▶ **ACTIVITY**
Could the data below please be reproduced word for word, without the pictures?

▶ **EXERCISE DATA**
────────────────────────────────────────

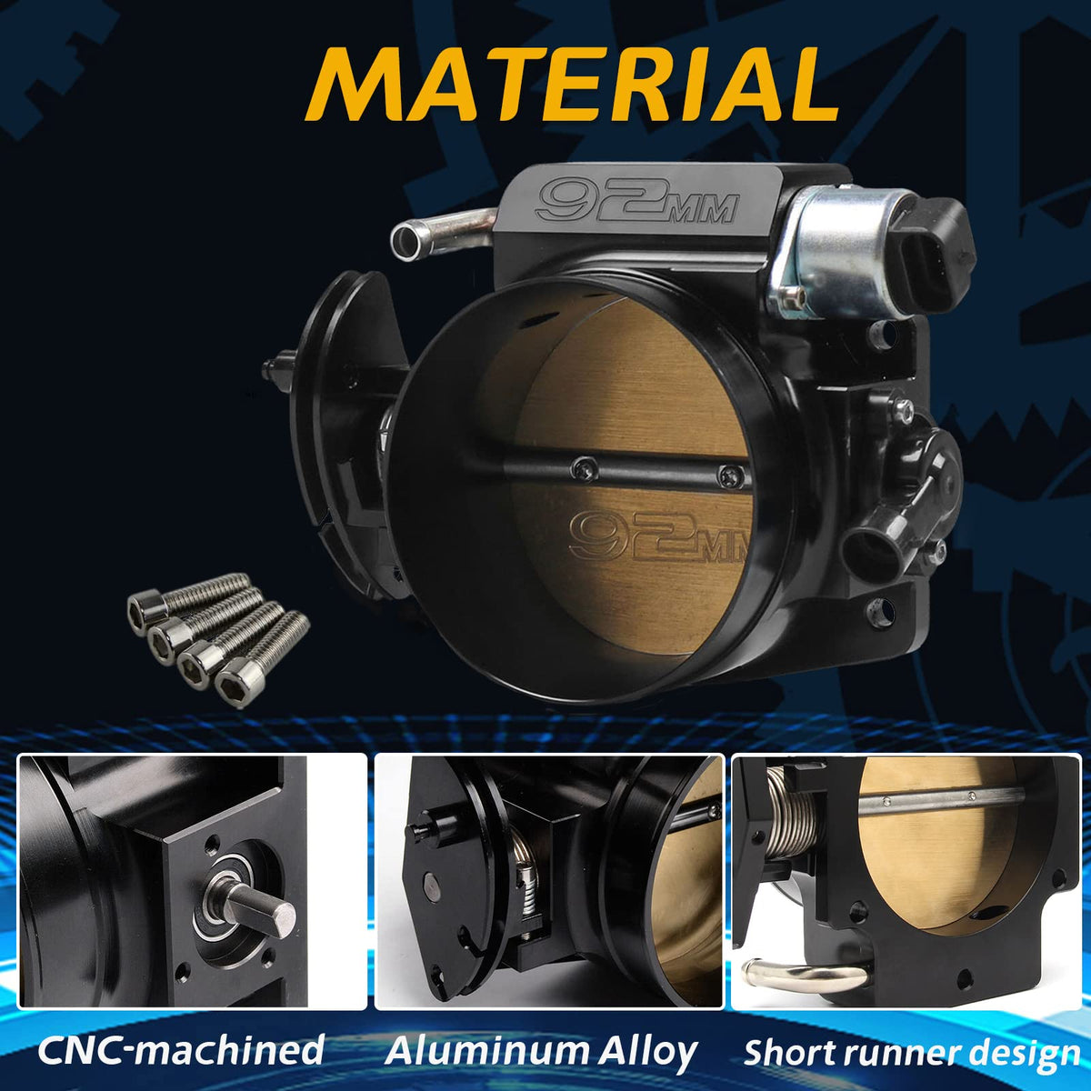 Description: 92Mm Id Short Runner Design Cnc-Machined Made Of Aluminum Alloy Application: For Ls1 Ls2 Ls6 Ls3 Ls7 Lsx Ls 4 Bolt Intake Manifold With Cable Drive Only Features:&Nbsp;The Throttle Body Is Good For A Huge Horsepower Increase Along With Improved Throttle Response. Specification: Bore Size-Back: 3.62'' Flow Rate: 1218 Cfm Working Pressure: 85 Psi Burst Pressure: 245 Psi Package Includes: 1 * 92Mm Throttle Body1 * Throttle Position Sensor (Tps) 1 * Idle Air Control (Iac) Installation:No Instructions Included. Professional Installation Is Highly Recommended!
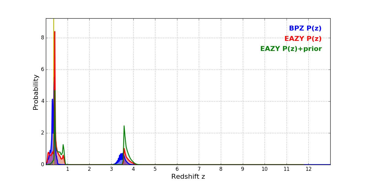 In P(z) plots: Yellow lines mark the cluster redshift z = 0.356,
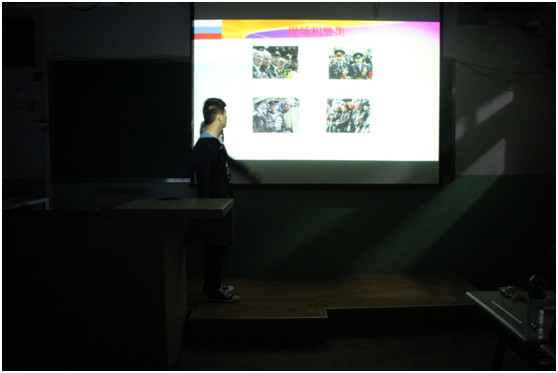 5月9日晚,外国语学院俄语系在校本部1#213成功举办“俄罗斯国情文化系列——“胜利日”主题纪念活动,外国语学院赵生吉书记、赵军强副院长、辅导员贾永胜老师、国际合作处马丽华老师、俄语系主任李亚林老师及全体师生参加了此次活动。 本次俄罗斯国情文化系列活动围绕着“纪念卫国战争胜利71周年”主题展开,以5月6日晚组织学生观看《莫斯科保卫战》拉开序幕。活动期间,俄语班开展了《卫国战争》图片资料展、师生共唱苏联卫国歌曲《喀秋莎》、外籍教师安娜博士为师生作了精彩的主题报告《伟大的卫国战争》、各学习小组奉献了丰富的卫国战争题材讲解与学习心得,最后以相关国情知识竞答将活动推向高潮。师生们热情高涨、积极参与,使得本次活动圆满结束。 本次系列活动充分丰富了俄语系学生的课外学习与知识视野,其成功举办不仅丰富了学生的第二课堂,活跃了俄语学习的氛围,而且通过对俄罗斯卫国战争相关内容的学习,强化了学生的爱国意识,远离战争,珍爱和平。

────────────────────────────────────────

▶ **TASK RESPONSE**
 Description: 92Mm Id Short Runner Design Cnc-Machined Made Of Aluminum Alloy Application: For Ls1 Ls2 Ls6 Ls3 Ls7 Lsx Ls 4 Bolt Intake Manifold With Cable Drive Only Features:&Nbsp;The Throttle Body Is Good For A Huge Horsepower Increase Along With Improved Throttle Response. Specification: Bore Size-Back: 3.62'' Flow Rate: 1218 Cfm Working Pressure: 85 Psi Burst Pressure: 245 Psi Package Includes: 1 * 92Mm Throttle Body1 * Throttle Position Sensor (Tps) 1 * Idle Air Control (Iac) Installation:No Instructions Included. Professional Installation Is Highly Recommended!
 In P(z) plots: Yellow lines mark the cluster redshift z = 0.356,
 5月9日晚,外国语学院俄语系在校本部1#213成功举办“俄罗斯国情文化系列——“胜利日”主题纪念活动,外国语学院赵生吉书记、赵军强副院长、辅导员贾永胜老师、国际合作处马丽华老师、俄语系主任李亚林老师及全体师生参加了此次活动。 本次俄罗斯国情文化系列活动围绕着“纪念卫国战争胜利71周年”主题展开,以5月6日晚组织学生观看《莫斯科保卫战》拉开序幕。活动期间,俄语班开展了《卫国战争》图片资料展、师生共唱苏联卫国歌曲《喀秋莎》、外籍教师安娜博士为师生作了精彩的主题报告《伟大的卫国战争》、各学习小组奉献了丰富的卫国战争题材讲解与学习心得,最后以相关国情知识竞答将活动推向高潮。师生们热情高涨、积极参与,使得本次活动圆满结束。 本次系列活动充分丰富了俄语系学生的课外学习与知识视野,其成功举办不仅丰富了学生的第二课堂,活跃了俄语学习的氛围,而且通过对俄罗斯卫国战争相关内容的学习,强化了学生的爱国意识,远离战争,珍爱和平。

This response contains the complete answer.